=== Task directions ===
Return every line from the one with "De piramide bevat" through the one with "Description: The Liquid", inclusive, exactly as it appears below.

=== Available records ===
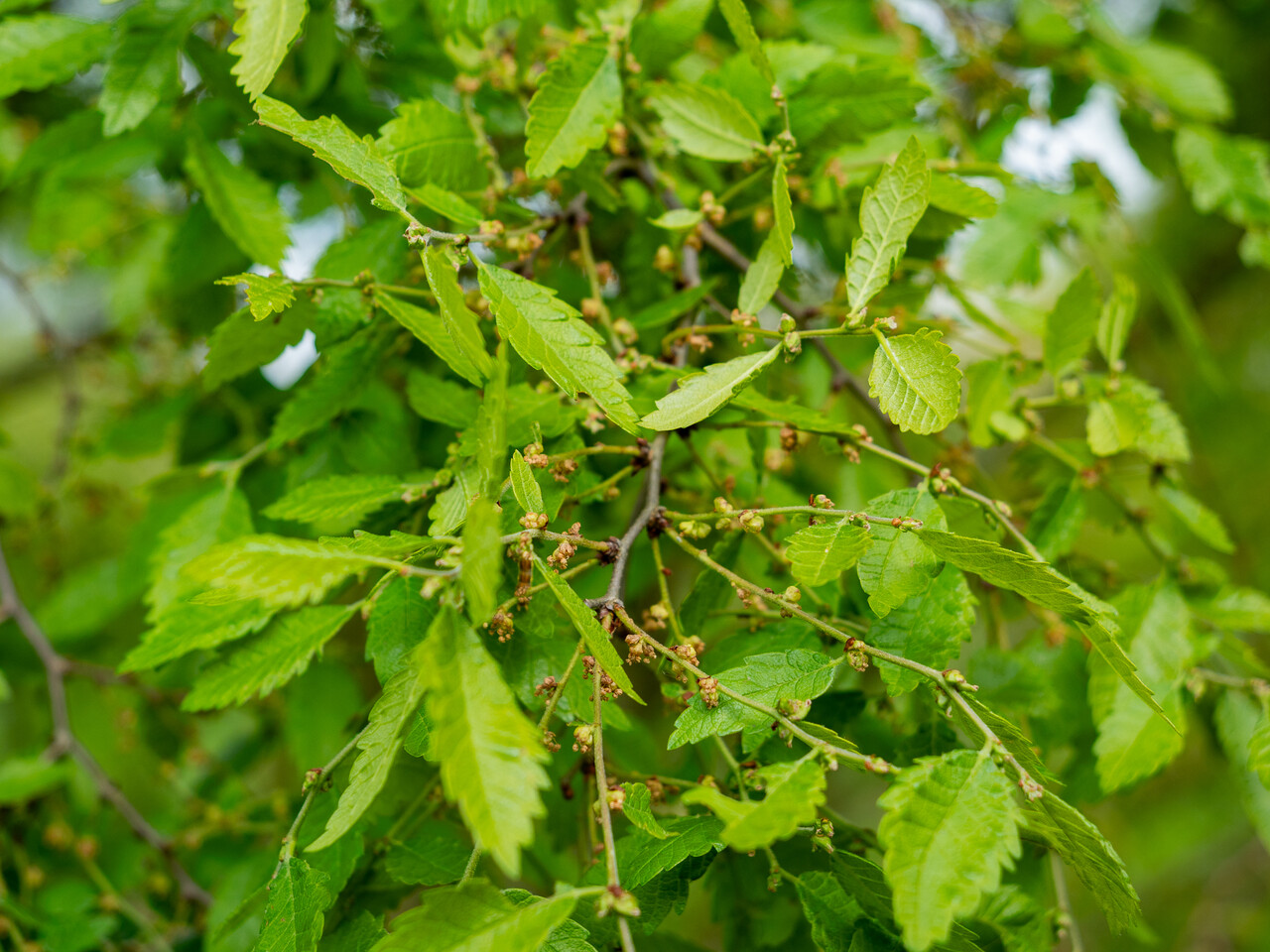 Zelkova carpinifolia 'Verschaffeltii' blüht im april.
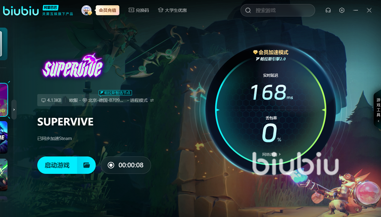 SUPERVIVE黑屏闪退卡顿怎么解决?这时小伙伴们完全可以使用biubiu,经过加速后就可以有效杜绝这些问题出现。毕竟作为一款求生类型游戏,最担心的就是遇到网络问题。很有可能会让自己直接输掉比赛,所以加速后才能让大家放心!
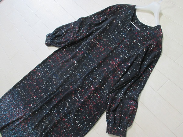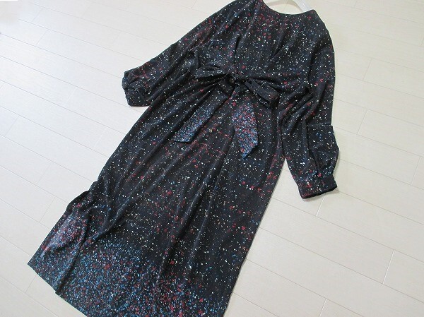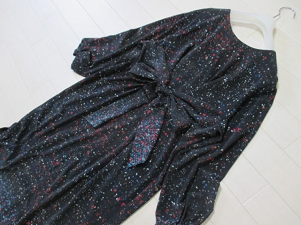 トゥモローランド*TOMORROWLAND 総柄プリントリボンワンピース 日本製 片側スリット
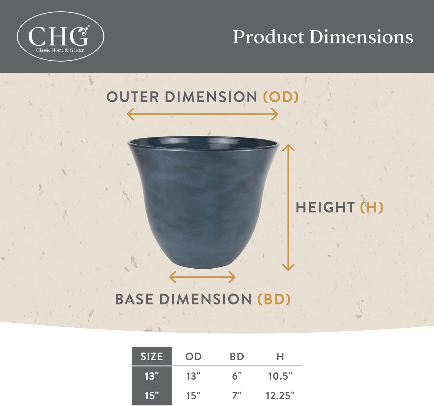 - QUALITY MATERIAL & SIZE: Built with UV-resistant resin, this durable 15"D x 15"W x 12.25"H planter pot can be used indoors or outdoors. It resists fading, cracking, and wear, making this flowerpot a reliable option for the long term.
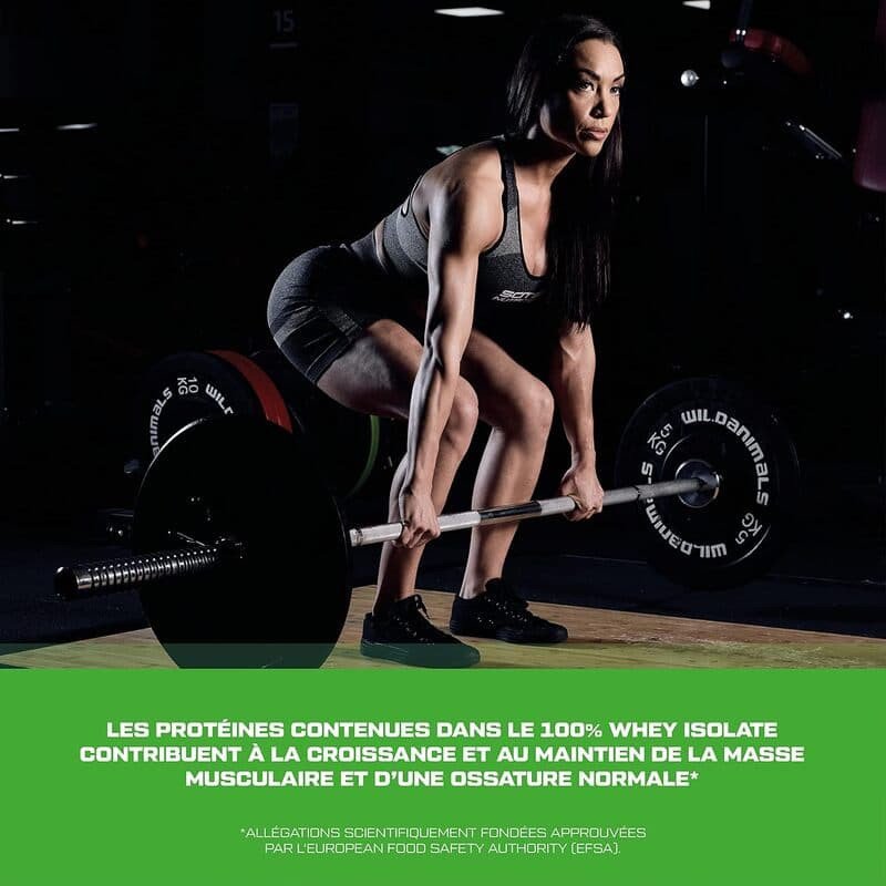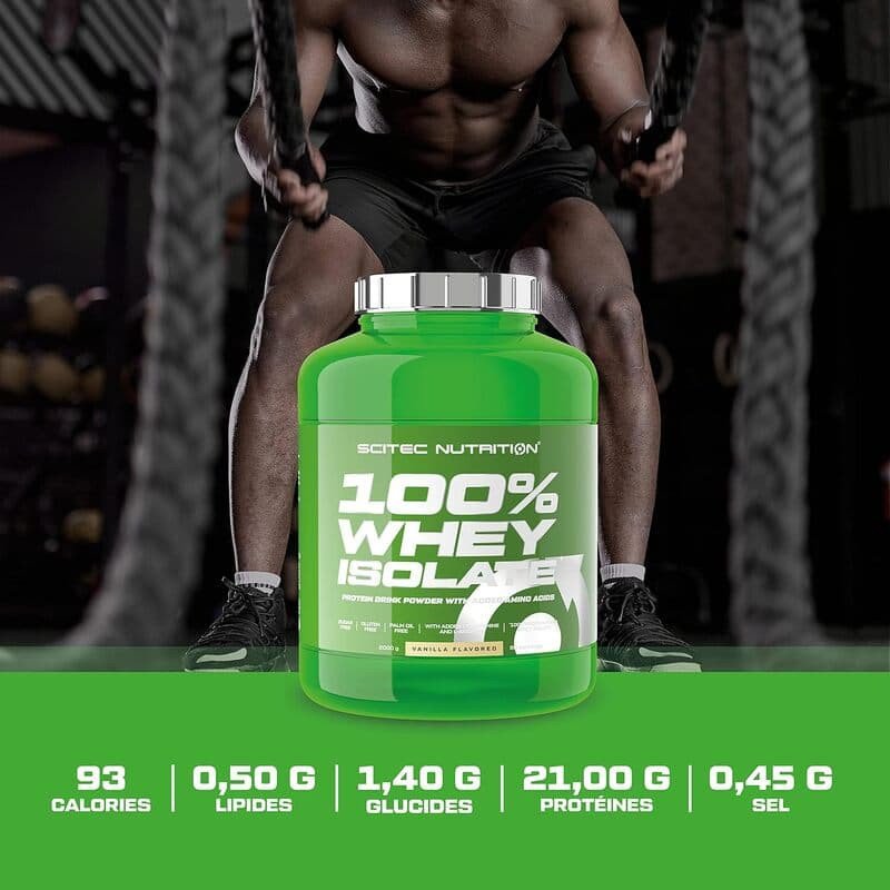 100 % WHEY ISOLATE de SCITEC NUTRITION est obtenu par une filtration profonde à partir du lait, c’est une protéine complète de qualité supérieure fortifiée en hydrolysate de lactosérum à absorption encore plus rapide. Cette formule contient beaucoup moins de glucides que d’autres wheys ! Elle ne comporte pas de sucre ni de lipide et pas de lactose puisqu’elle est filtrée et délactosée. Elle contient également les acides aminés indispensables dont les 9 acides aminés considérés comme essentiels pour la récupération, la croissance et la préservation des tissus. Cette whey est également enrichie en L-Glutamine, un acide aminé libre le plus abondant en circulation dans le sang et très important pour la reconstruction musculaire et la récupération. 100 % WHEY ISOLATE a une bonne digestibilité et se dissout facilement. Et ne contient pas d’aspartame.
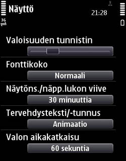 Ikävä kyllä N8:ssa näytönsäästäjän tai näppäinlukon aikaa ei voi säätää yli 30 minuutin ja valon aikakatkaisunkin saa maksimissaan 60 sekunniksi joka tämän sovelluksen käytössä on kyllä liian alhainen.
---
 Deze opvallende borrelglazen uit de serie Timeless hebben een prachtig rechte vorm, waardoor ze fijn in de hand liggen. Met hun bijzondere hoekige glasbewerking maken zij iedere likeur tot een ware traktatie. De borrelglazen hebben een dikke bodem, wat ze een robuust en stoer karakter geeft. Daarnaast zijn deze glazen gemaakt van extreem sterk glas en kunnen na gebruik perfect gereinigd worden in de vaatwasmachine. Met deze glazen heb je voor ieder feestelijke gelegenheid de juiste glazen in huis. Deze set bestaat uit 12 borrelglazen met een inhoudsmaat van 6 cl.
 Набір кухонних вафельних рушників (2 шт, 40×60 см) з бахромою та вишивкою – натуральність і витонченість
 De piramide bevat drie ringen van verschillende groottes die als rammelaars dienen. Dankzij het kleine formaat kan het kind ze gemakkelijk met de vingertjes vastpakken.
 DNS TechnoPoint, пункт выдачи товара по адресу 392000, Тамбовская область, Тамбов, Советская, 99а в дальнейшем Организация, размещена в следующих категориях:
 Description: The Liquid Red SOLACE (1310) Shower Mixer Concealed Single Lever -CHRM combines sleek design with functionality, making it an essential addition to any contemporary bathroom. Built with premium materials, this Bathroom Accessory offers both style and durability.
...
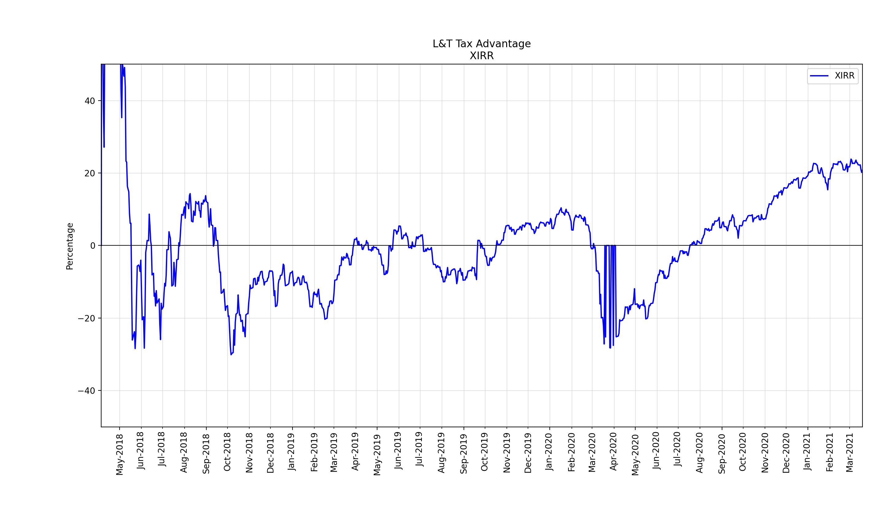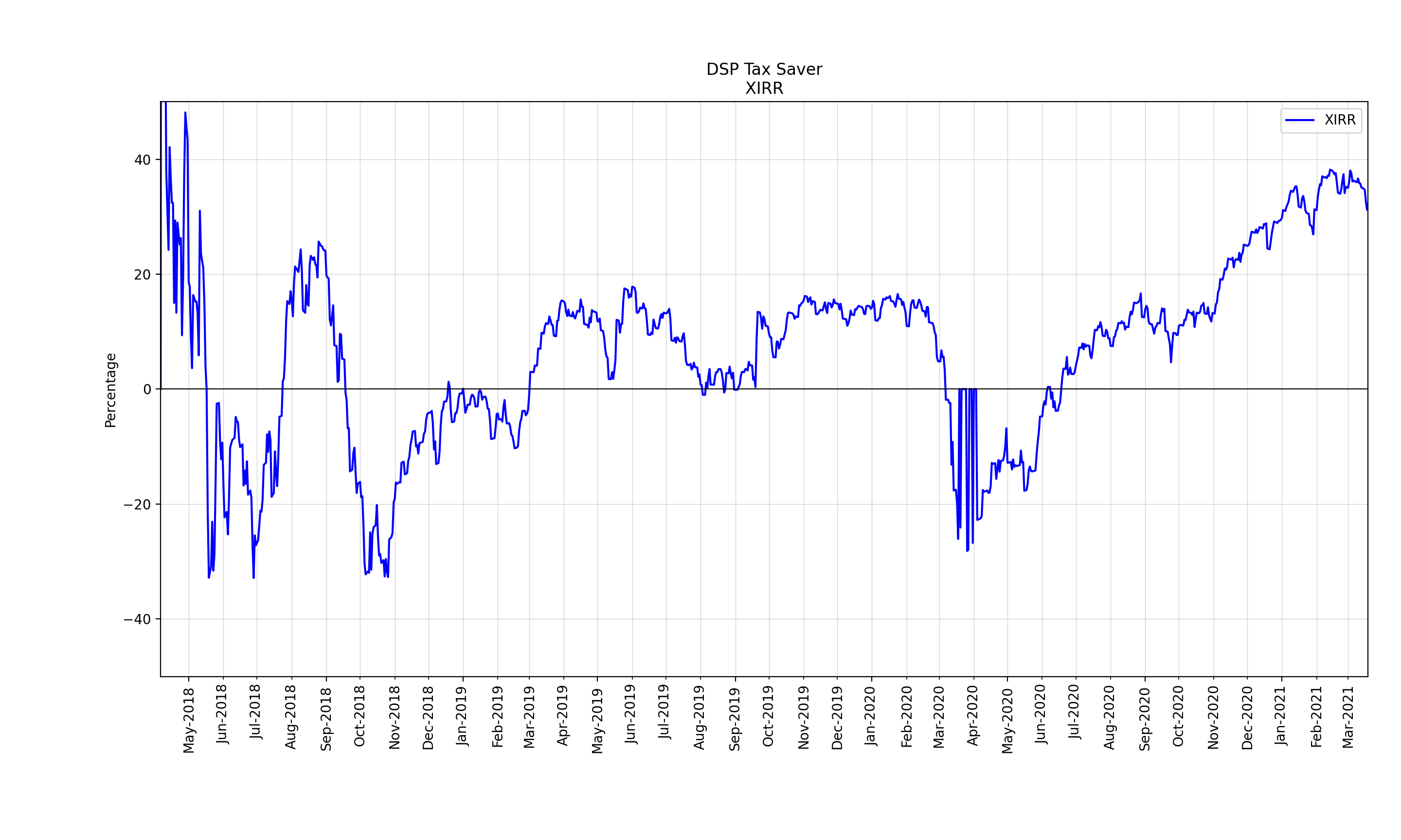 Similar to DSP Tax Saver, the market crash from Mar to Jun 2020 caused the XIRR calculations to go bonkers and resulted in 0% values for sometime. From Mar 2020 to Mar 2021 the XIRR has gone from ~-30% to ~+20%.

=== Final answer ===
 De piramide bevat drie ringen van verschillende groottes die als rammelaars dienen. Dankzij het kleine formaat kan het kind ze gemakkelijk met de vingertjes vastpakken.
 DNS TechnoPoint, пункт выдачи товара по адресу 392000, Тамбовская область, Тамбов, Советская, 99а в дальнейшем Организация, размещена в следующих категориях:
 Description: The Liquid Red SOLACE (1310) Shower Mixer Concealed Single Lever -CHRM combines sleek design with functionality, making it an essential addition to any contemporary bathroom. Built with premium materials, this Bathroom Accessory offers both style and durability.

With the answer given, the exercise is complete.